We periodically assess the effectiveness of our derivative financial instruments. With regard to interest rate swaps, we monitor the fair value of interest rate swaps as well as the effective interest rate the interest rate swap yields, in comparison to historical interest rate trends. We believe that any losses incurred with regard to interest rate swaps would be largely offset by the effects of interest rate movements on the underlying debt facilities. These measures allow our management to evaluate the success of our use of derivative instruments and to determine when to enter into or exit from derivative instruments.
Item 4. Controls and Procedures.
In accordance with Rules 13a-15 and 15d-15 under the Securities Exchange Act of 1934, as amended (the "Exchange Act"), the Company carried out an evaluation, under the supervision and with the participation of management, including its chief executive officer and its principal accounting and financial officer (the "Executives"), of the effectiveness of its disclosure controls and procedures as of the end of the period covered by this report. Based on that evaluation, the Executives concluded that the Company's disclosure controls and procedures were effective as of September 30, 2014 to provide reasonable assurance that information required to be disclosed in its reports filed or submitted under the Exchange Act is recorded, processed, summarized and reported within the time periods specified in the Securities and Exchange Commission's rules and forms.

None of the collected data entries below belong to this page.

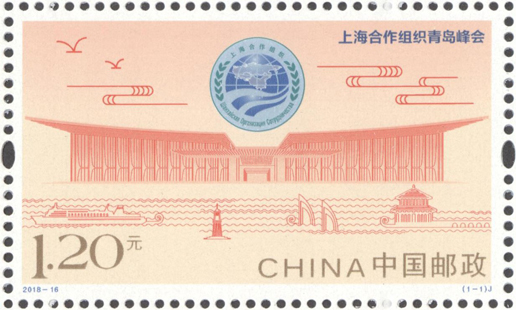 上海合作組織成員國元首理事會第十八次會議于2018年6月9日至10日在山東省青島市舉行,中國郵政于2018年6月9日發(fā)行《上海合作組織青島峰會》紀念郵票1套1枚。郵票以上海合作組織會徽及主場館——青島國際會議中心線描圖為主要元素,以祥云、海鷗為裝飾;畫面下方以線描手法,表現(xiàn)海上棧橋、帆船、燈塔、輪船等景物,展現(xiàn)了會議舉辦地——黃海明珠青島的特色,整體設計簡潔明快,主題突出。該套郵票由于秋艷、邢文偉設計。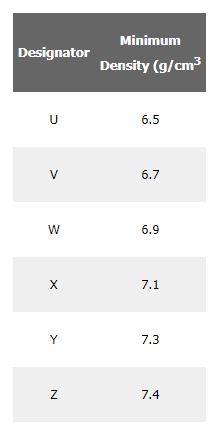 For example, a pure iron material at a minimum density of 6.9 g/cm3 and coercive field strength of 2.3 Oe would be designated as F-0000-23W. The iron-0.45% phosphorus alloy at a 7.1 g/cm3 minimum density and coercive field strength of 2.0 Oe would be designated as FY-4500-20X.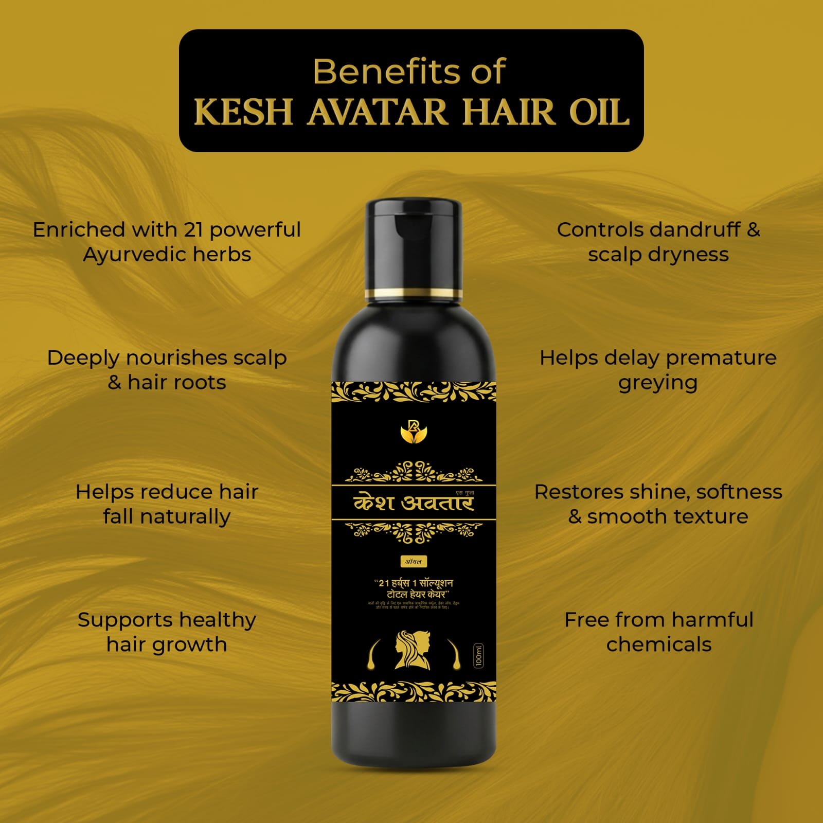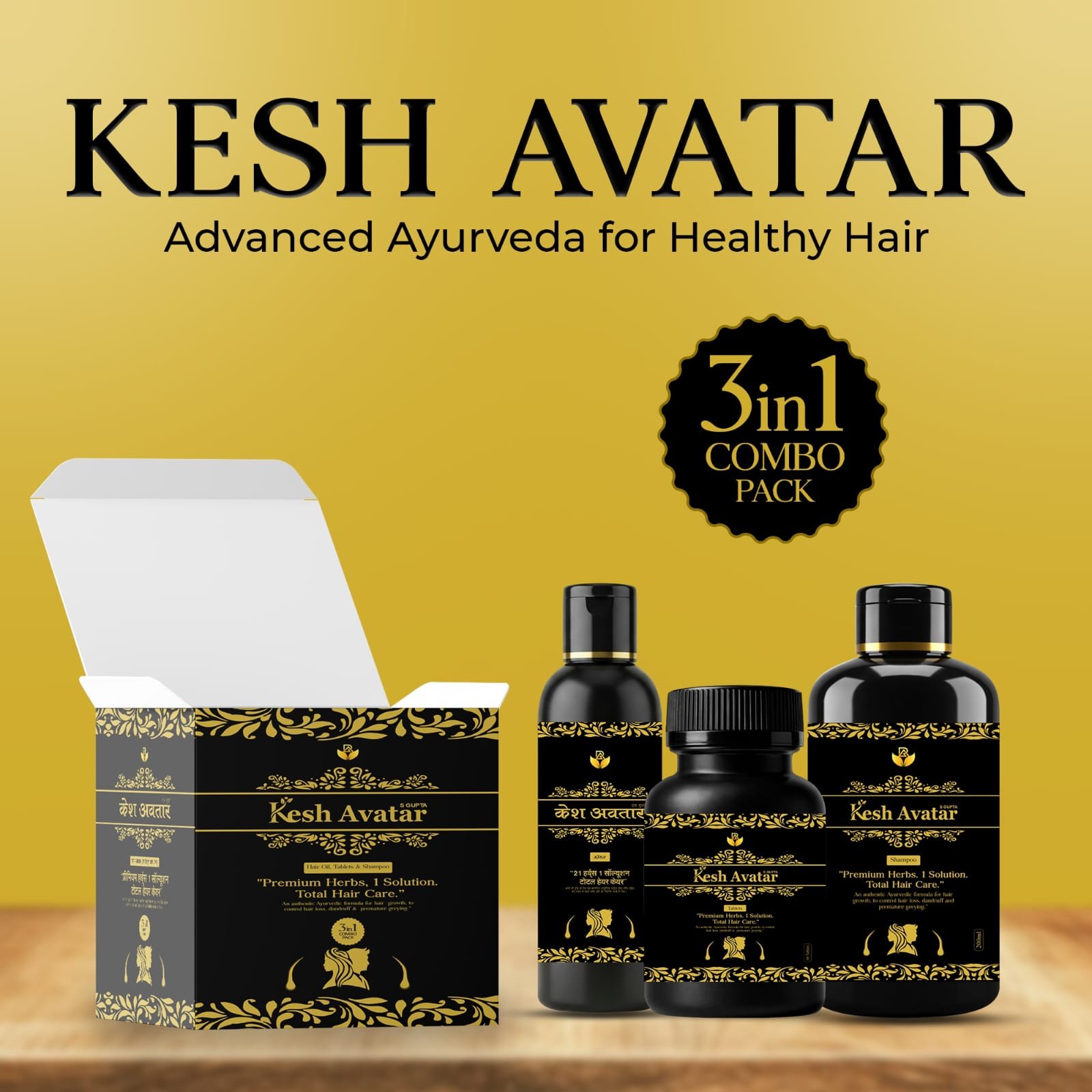 Kesh Avatar 21 Herbs 3-in-1 Total Hair Care Kit is a scientifically curated Ayurvedic formulation designed to treat hair fall, thinning hair, dandruff, and weak roots from the inside and outside.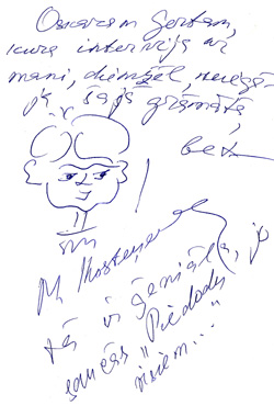 Tautas deputātu kluba "Neatkarība" valdes priekšsēdētājas, visu patriotisko Latvijas deputātu un materiālu "kopā savācējas", rakstnieces Marinas Kosteņeckas autogrāfs "Latvijas Vēstneša" galvenajam redaktoram, tolaik — PSRS Tautas deputātu kongresos akreditētajam speciālkorespondentam, Oskaram Gertam |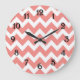 Coral and White Chevron Large Clock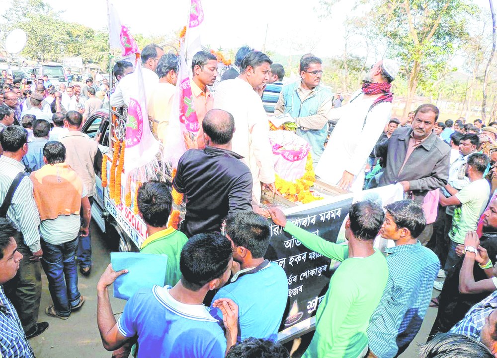 The actor's mortal remains were flown in from Mumbai to LGBI Airport in Borjhar this morning where All Assam Students' Union (AASU) members paid tribute. Later, members of the union accompanied the cortege to Goalpara, 130km from the airport.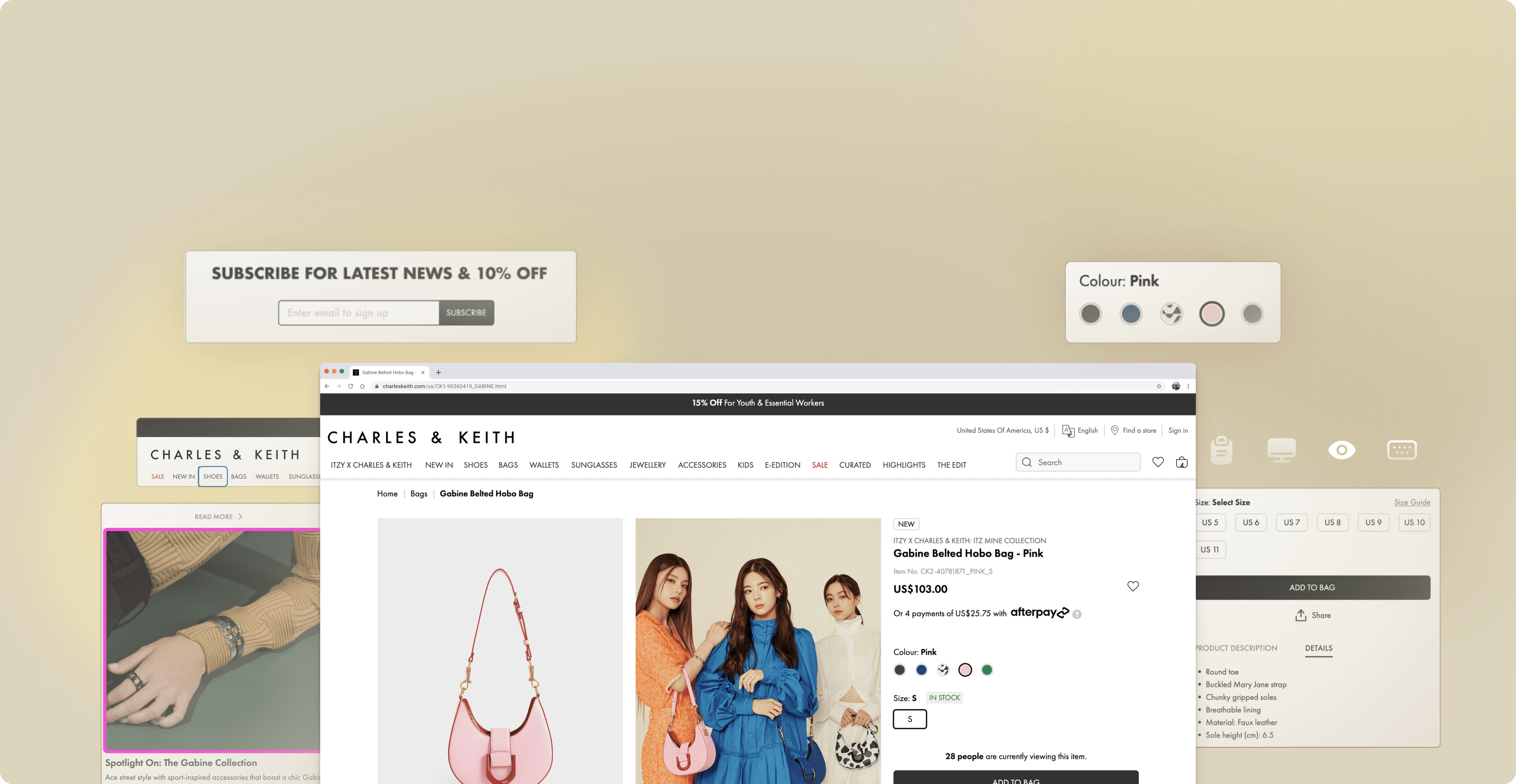 In this project, I evaluate CHARLES & KEITH US, a website for shopping shoes, bags, and accessories, not only because I am a user, but also I found some accessibility issues when doing the first easy check. I focus on the homepage and product page.
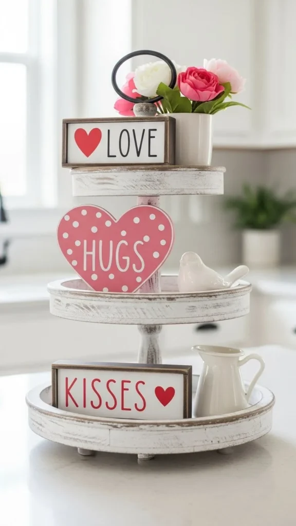 This look works well when you want instant Valentine energy without clutter. Use small wooden signs as the main visual anchor. Stack them vertically so each tier feels balanced. Stick to two main colors, like blush and cherry red, to keep the tray calm. Dollar-store signs work fine. Sand the edges slightly for a softer finish. If your tray is metal, add a folded linen napkin beneath the signs for contrast. Keep the top tier lighter so the whole setup doesn’t feel heavy. Swap wording signs for heart cutouts if you prefer symbols. This setup fits kitchens, coffee bars, or console tables.

There has been no change in the Company's internal control over financial reporting that occurred during the three months ended September 30, 2014 that has materially affected, or is reasonably likely to materially affect, its internal control over financial reporting.
I-41
Item 2. Unregistered Sales of Equity Securities and Use of Proceeds
Share Repurchase Programs
On several occasions our board of directors has authorized a share repurchase program for our Series A and Series B Liberty Interactive common stock. On each of May 5, 2006, November 3, 2006 and October 30, 2007 our board authorized the repurchase of $1 billion of Series A and Series B Liberty Interactive common stock for a total of $3 billion. These previous authorizations remained effective following the LMC Split-Off, notwithstanding the fact that the Liberty Interactive common stock ceased to be a tracking stock during the period following the LMC Split-Off and prior to the creation of our Liberty Ventures common stock in August 2012. On February 22, 2012 the board authorized the repurchase of an additional $700 million of Series A and Series B Liberty Interactive common stock. Additionally, on each of October 30, 2012 and February 27, 2014, the board authorized the repurchase of an additional $1 billion of Series A and Series B Liberty Interactive common stock. In connection with the spin-off of Liberty TripAdvisor Holdings, Inc. during August 2014, the board authorized $350 million for the repurchase of either the Liberty Interactive or Liberty Ventures tracking stocks. In October 2014, the board authorized the repurchase of an additional $650 million of Series A and Series B Liberty Ventures common stock.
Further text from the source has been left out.